N-末端脑利钠肽前体(NT-proBNP)被认为在收缩性心力衰竭或急性冠状动脉综合征患者中发生改变。我们探讨了左心室射血分数(LVEF)与不稳定型心绞痛和 2 型糖尿病伴保留 LVEF 患者的 NT-proBNP 水平之间的关系。将不稳定型心绞痛患者分为正常糖耐量(对照组)和 2 型糖尿病组。在这些患者入院 30 分钟内测量其血浆 NT-proBNP 浓度,进行对比研究。采用 Syntax 评分评估冠状动脉病变严重程度。结果:与对照组(116.0 [69.8, 233.0] pg/mL)相比,不稳定型心绞痛合并 2 型糖尿病患者的 NT-proBNP 水平无显著差异(中位数 [四分位数]:167.0 [66.1, 623.3] pg/mL,P = 0.278)。

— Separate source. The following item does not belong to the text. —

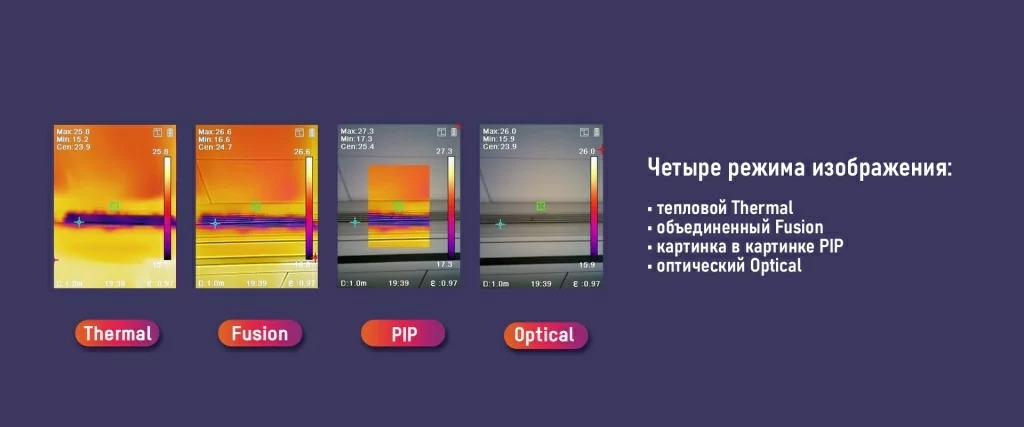 | Режимы изображения | тепловой/оптический/объединение/картинка в картинке |

进一步分析表明,ln(NT-proBNP)与以下参数呈正相关:左心室舒张末期直径(r = 0.495,P = 0.019)、左心室收缩末期直径(r = 0.648,P = 0.001)和 Syntax 评分(r = 0.567,P = 0.006);ln(NT-proBNP)与不稳定型心绞痛合并 2 型糖尿病患者的 LVEF 呈负相关(r = -0.652,P = 0.001)。在多元线性回归分析中,ln(NT-proBNP)水平与 LVEF 和 Syntax 评分显著独立相关。然而,在不稳定型心绞痛伴正常糖耐量(对照组)患者中,ln(NT-proBNP)与各参数之间均无相关性。在不稳定型心绞痛合并保留 LVEF 的 2 型糖尿病患者中,NT-proBNP 水平与 LVEF 独立相关。